UBC Reports | Vol. 50 | No. 5 | May
6, 2004
Nobel Laureates Receive Honorary Degrees from UBC
Canada’s national newspaper called it “a one-of-a-kind
traveling road show, and we may never see its likes again.”
The Globe and Mail reporter was referring to the historic
visit to UBC’s campus of three Nobel Peace Laureates.
His Holiness the Dalai Lama, the exiled leader of Tibet and
the winner of the 1989 peace prize, South African Archbishop
Desmond Tutu who won the prize in 1984 and last year’s
winner Iranian human rights activist Shirin Ebadi all gathered
at the Chan Centre for the Performing Arts. They joined other
spiritual leaders in a three-hour roundtable discussion of
the importance of balancing educating the mind with educating
the heart. They also received honorary degrees from UBC.

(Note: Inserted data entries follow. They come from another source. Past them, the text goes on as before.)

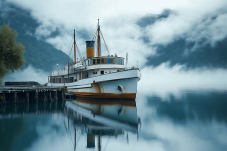 Old steamship is docked at a wharf on a misty lake with mountains in the background, creating a serene and nostalgic atmosphere
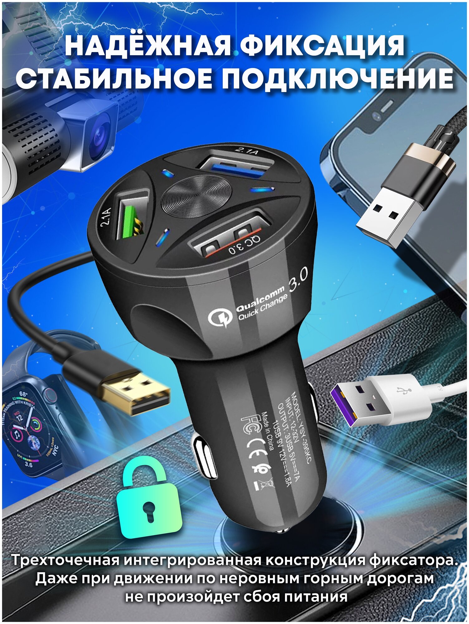 Автомобильное зарядное устройство для телефона на 4 порта, 7А, быстрая зарядка в прикуриватель, QC3.0, 4USB разъема, блок питания черный
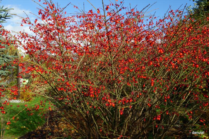 Na zimę liście opadają, a ozdobnie prezentują się brązowe pędy ubrane w korkowe skrzydełka.
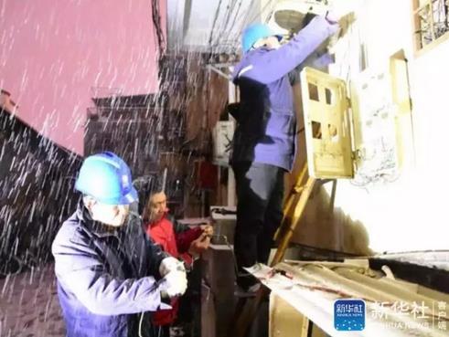 3日,在河南省西平县,巡线人员冒雪为群众更换老化线路,解决群众用电问题。
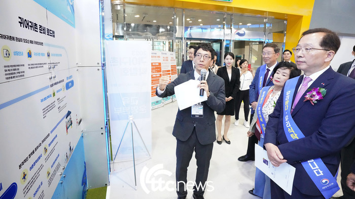 | ▲ 30일 오전 서울 서초구 aT센터에서 열린 2023 귀어귀촌 박람회에서 조승환 해양수산부 장관(오른쪽)이 관계자의 귀어귀촌 준비 로드맵에 대한 설명을 청취하고 있다(사진=해양수산부 제공) |

The world visionaries came to Vancouver at the invitation
of Pitman Potter, the director of the Institute of Asian Research,
and his colleague Victor Chan a close associate of the Dalai
Lama. The event also marked the official beginning of a new
program being offered by the institute called Contemporary
Tibetan Studies.
Thousands of British Columbians were able to see the Dalai
Lama, many in person at the various events where he spoke
and many more on television and web broadcasts.